### WORK TO BE COMPLETED
Below are the records; retype them exactly and omit each picture.

---- DATA EXCERPTS

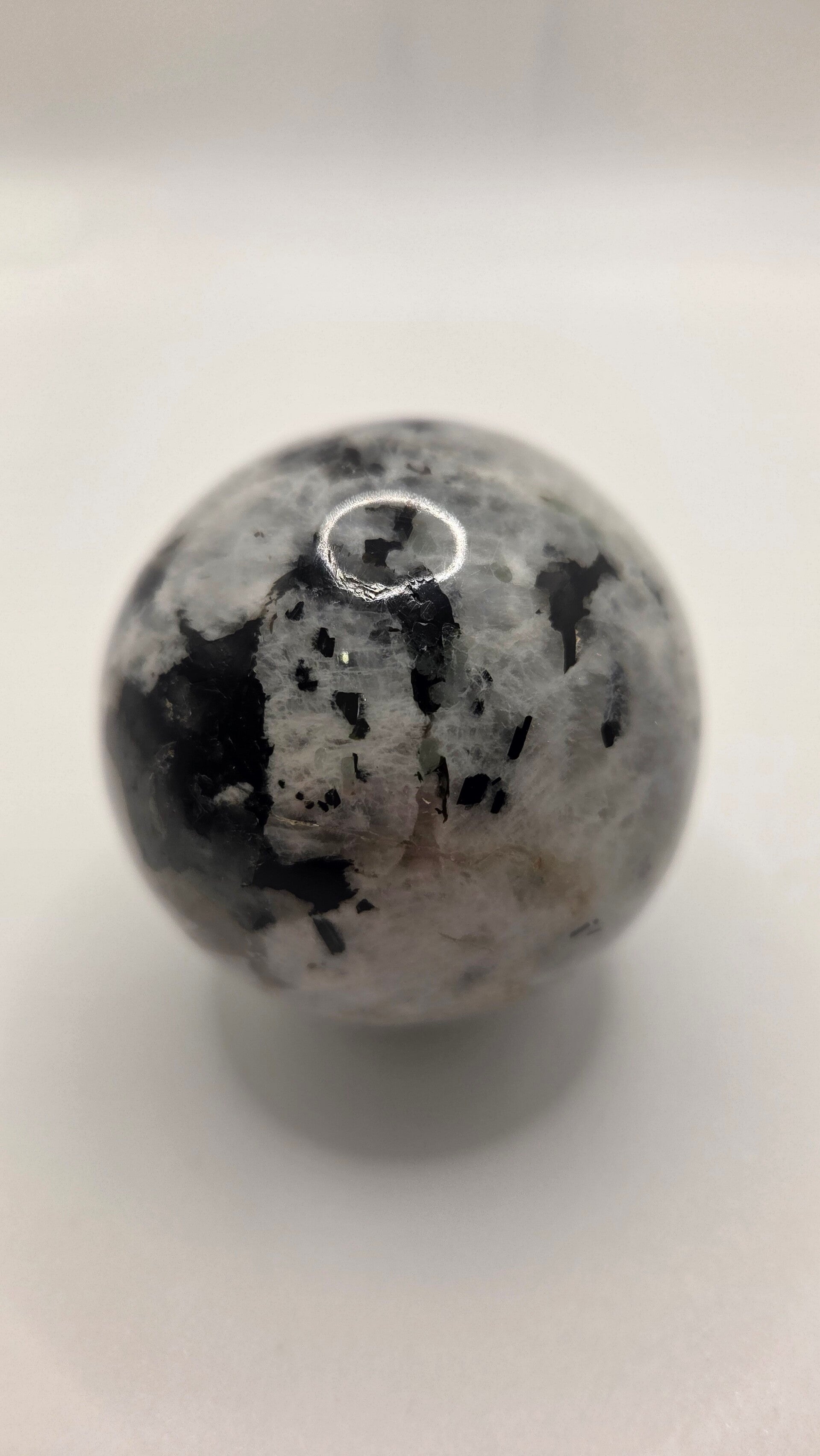 Mooie maansteen bol met een diameter van 5,5 cm. De bol weegt 215 gram. De steen heeft een mooie tekening met zwarte en witte tinten.
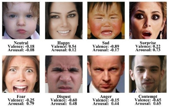 Examples of the eight categories of facial expressions (Neutral, Happy, Sad, Surprise, Disgust, Fear, Anger and Contempt) and their values of valence and arousal from the AffectNet [33].
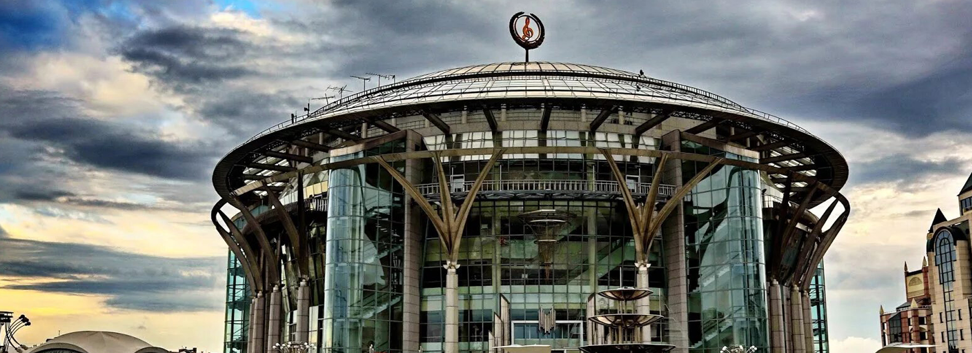 Десятиэтажное здание, построенное по европейским стандартам, объединяет классику и современность — от архитектурного решения до репертуара. Венчает купол скульптура Зураба Церетели в виде скрипичного ключа, ставшая узнаваемым символом Дома музыки.
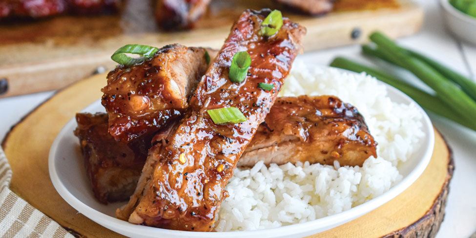 Cut ribs between the bones and serve as is or over white rice, sprinkled with sliced green onions.
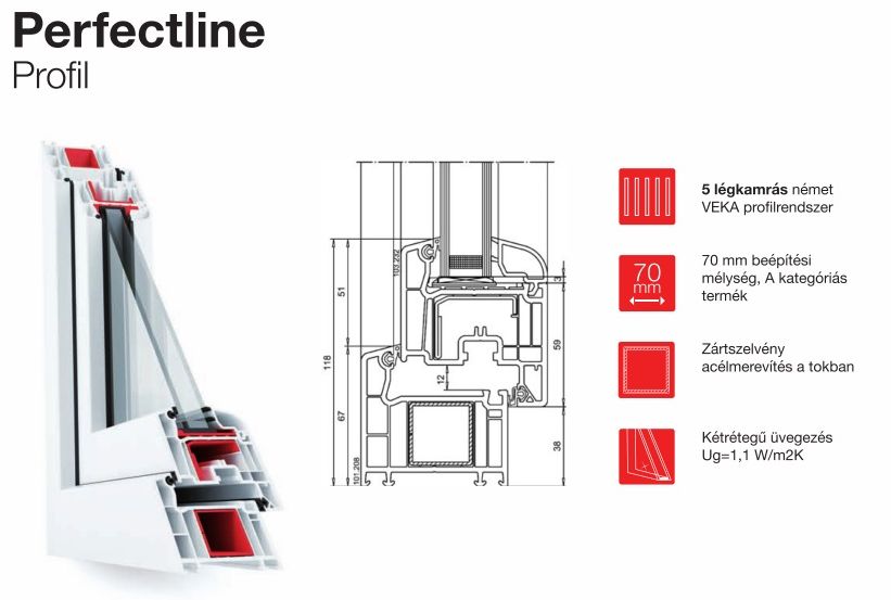 Kétrétegű üvegezés Ug=1,1 W/m2K
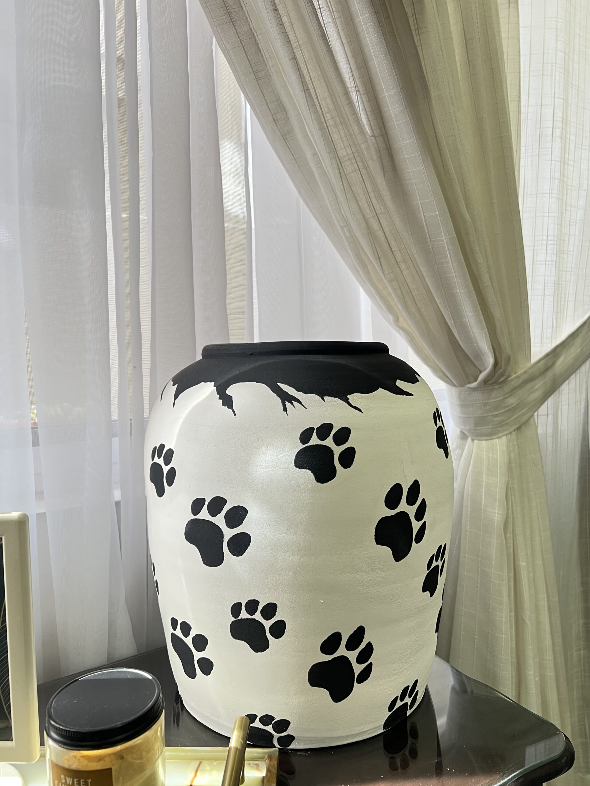 Playful yet thoughtfully designed, the Paws Vase features a soft white base accented with hand-painted black paw details. The contrast adds character while keeping the overall look clean and minimal.
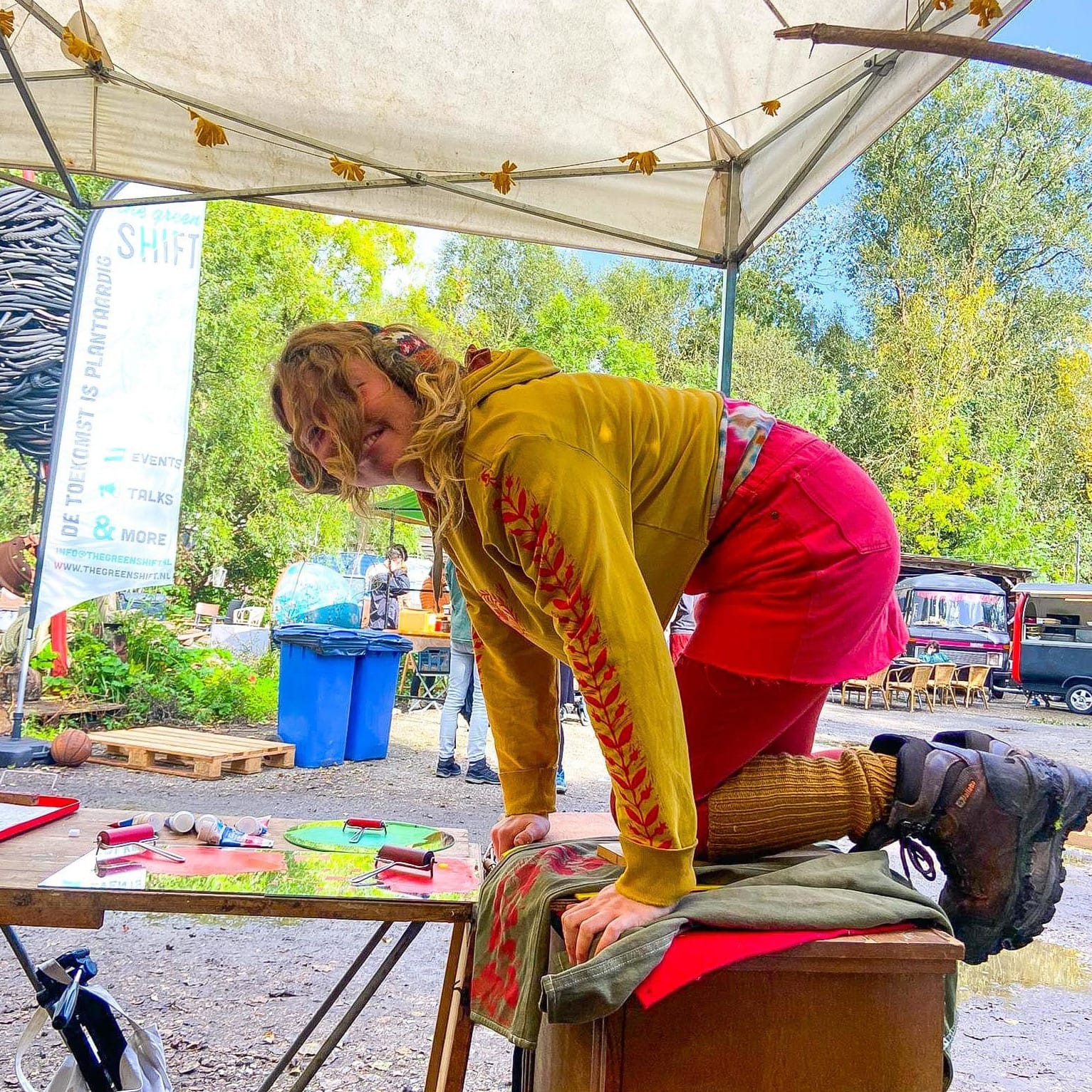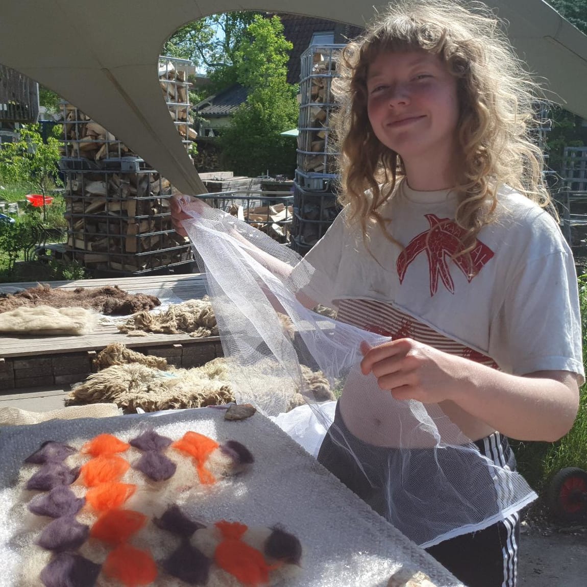 Hoi! Ik ben Marieke. Ik ben altijd bezig, met van alles: ik heb de kunstacademie gedaan, als nomade geleefd, en in Groningen beland. Op maandag is er een breiclub bij mij thuis want ik ben altijd aan het breien en als ik niet brei dan vilt of spin ik van Nederlandse wol. Ik maak tatoeages, soms verkoop ik zelfgemaakte kleding van tweedehands materialen. Ik woon in een zelfgebouwde woonwagen en heb stroom van zonnepanelen. In mijn woongroep zijn we samen bezig met recyclen en ik ben helemaal fan van evenementen op donatie... Ik probeer de wereld kleurrijker en laagdrempeliger te maken voor iedereen.
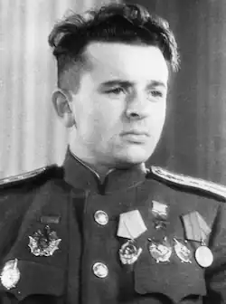 Aleksandr Terentyevich Karpov (Russian: Алекса́ндр Тере́нтьевич Ка́рпов; 17 October [O.S. 4 October] 1917 – 20 October 1944) was a squadron commander and flying ace in the 27th Vyborg Guards Fighter Aviation Regiment during the Second World War credited 27 individual and nine shared aerial victories, the most of any pilot in Soviet Air Defense Forces.[1][2][3]
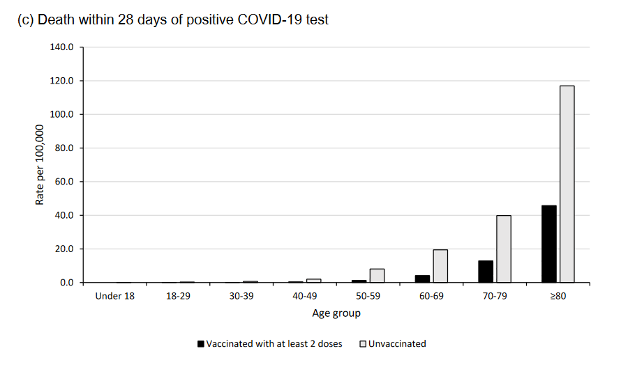 За поредна седмица англичаните публикуват данни за ефективността на ваксините, и за поредна седмица има интересни данни. Населението е разделено на ваксинирани и неваксинирани, и показват какви са бройките съответно за 100 000 дупи от всяка група.
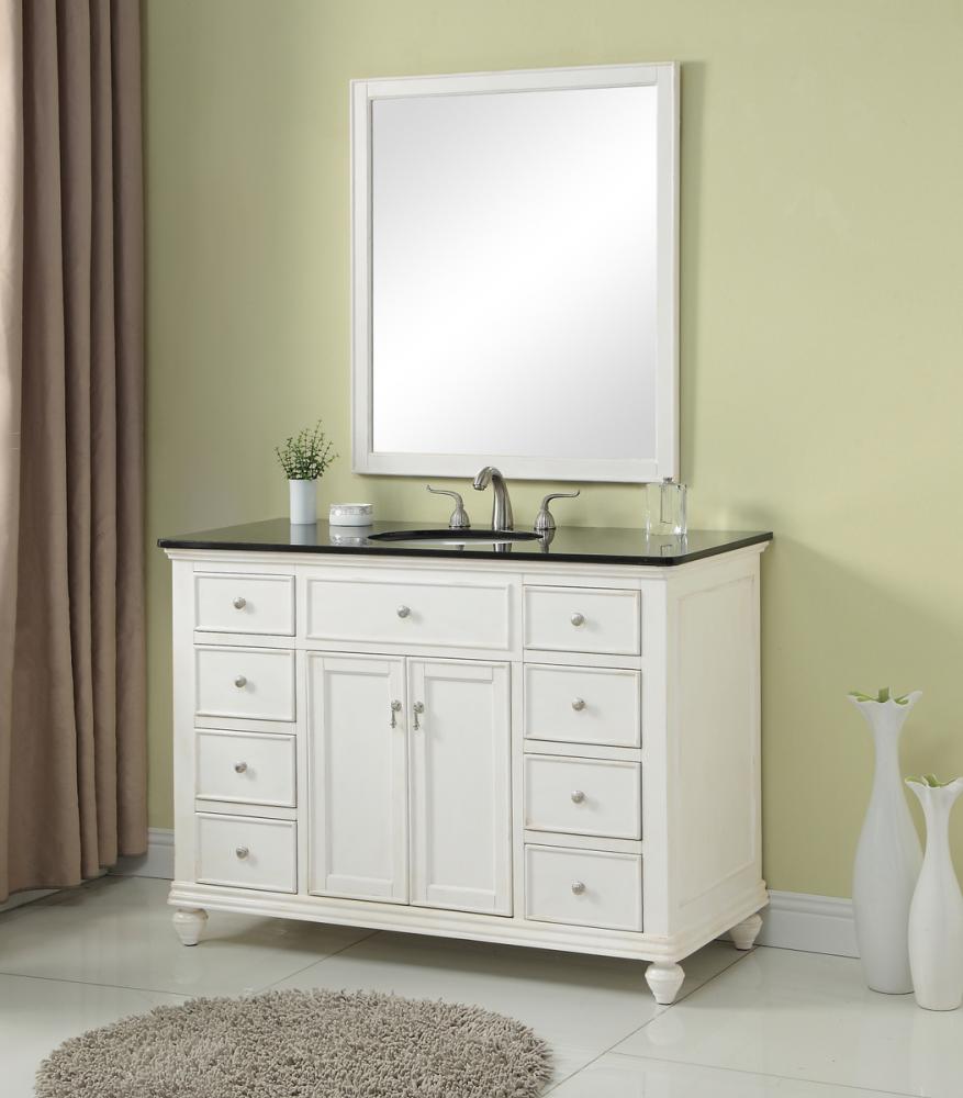A sleekly styled 4 doors and 8 drawers, granite-topped bathroom vanity like this can only bring a smile of appreciation for its simple beauty and clean lines. With an authentic black granite counter top, oval white porcelain sink, hand painted antique white cabinet, 2 soft-close center doors with a shelf inside, 4 side drawers on each side, brushed steel hardware and carved bun feet, this elegant, transitional vanity balances form and function. Measurements: W48”xD21”xH35”
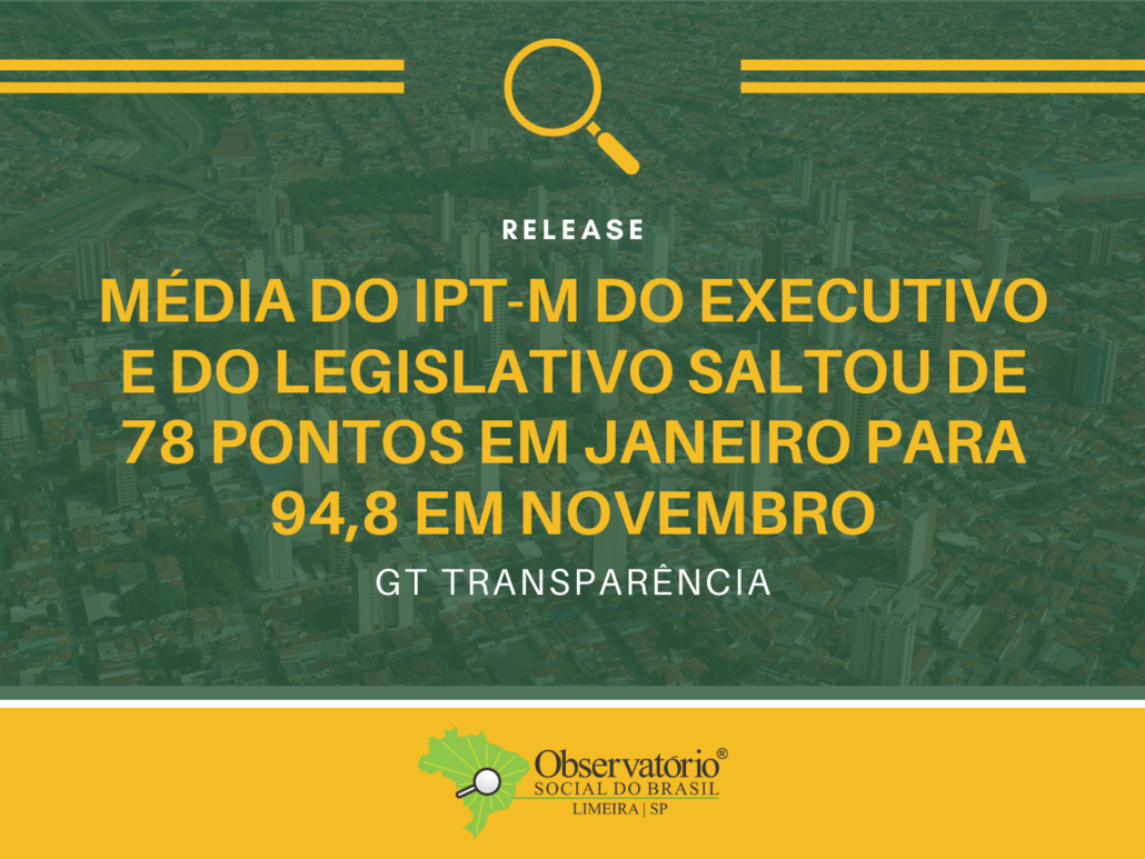 A evolução do Índice de Percepção da Transparência Municipal (IPT-M) neste ano foi motivo de comemoração para os voluntários do Grupo de Trabalho Transparência do Observatório Social do Brasil – Limeira. O índice geral, que reflete a média simples entre o IPT-M da Prefeitura e o da Câmara Municipal, saltou de 78 pontos, patamar considerado “bom”, em janeiro, para 94,8 em novembro, entrando no nível “ótimo”.

--------

### RESULT BELOW
 Mooie maansteen bol met een diameter van 5,5 cm. De bol weegt 215 gram. De steen heeft een mooie tekening met zwarte en witte tinten.
 Examples of the eight categories of facial expressions (Neutral, Happy, Sad, Surprise, Disgust, Fear, Anger and Contempt) and their values of valence and arousal from the AffectNet [33].
 Десятиэтажное здание, построенное по европейским стандартам, объединяет классику и современность — от архитектурного решения до репертуара. Венчает купол скульптура Зураба Церетели в виде скрипичного ключа, ставшая узнаваемым символом Дома музыки.
 Cut ribs between the bones and serve as is or over white rice, sprinkled with sliced green onions.
 Kétrétegű üvegezés Ug=1,1 W/m2K
 Playful yet thoughtfully designed, the Paws Vase features a soft white base accented with hand-painted black paw details. The contrast adds character while keeping the overall look clean and minimal.
 Hoi! Ik ben Marieke. Ik ben altijd bezig, met van alles: ik heb de kunstacademie gedaan, als nomade geleefd, en in Groningen beland. Op maandag is er een breiclub bij mij thuis want ik ben altijd aan het breien en als ik niet brei dan vilt of spin ik van Nederlandse wol. Ik maak tatoeages, soms verkoop ik zelfgemaakte kleding van tweedehands materialen. Ik woon in een zelfgebouwde woonwagen en heb stroom van zonnepanelen. In mijn woongroep zijn we samen bezig met recyclen en ik ben helemaal fan van evenementen op donatie... Ik probeer de wereld kleurrijker en laagdrempeliger te maken voor iedereen.
 Aleksandr Terentyevich Karpov (Russian: Алекса́ндр Тере́нтьевич Ка́рпов; 17 October [O.S. 4 October] 1917 – 20 October 1944) was a squadron commander and flying ace in the 27th Vyborg Guards Fighter Aviation Regiment during the Second World War credited 27 individual and nine shared aerial victories, the most of any pilot in Soviet Air Defense Forces.[1][2][3]
 За поредна седмица англичаните публикуват данни за ефективността на ваксините, и за поредна седмица има интересни данни. Населението е разделено на ваксинирани и неваксинирани, и показват какви са бройките съответно за 100 000 дупи от всяка група.
A sleekly styled 4 doors and 8 drawers, granite-topped bathroom vanity like this can only bring a smile of appreciation for its simple beauty and clean lines. With an authentic black granite counter top, oval white porcelain sink, hand painted antique white cabinet, 2 soft-close center doors with a shelf inside, 4 side drawers on each side, brushed steel hardware and carved bun feet, this elegant, transitional vanity balances form and function. Measurements: W48”xD21”xH35”
 A evolução do Índice de Percepção da Transparência Municipal (IPT-M) neste ano foi motivo de comemoração para os voluntários do Grupo de Trabalho Transparência do Observatório Social do Brasil – Limeira. O índice geral, que reflete a média simples entre o IPT-M da Prefeitura e o da Câmara Municipal, saltou de 78 pontos, patamar considerado “bom”, em janeiro, para 94,8 em novembro, entrando no nível “ótimo”.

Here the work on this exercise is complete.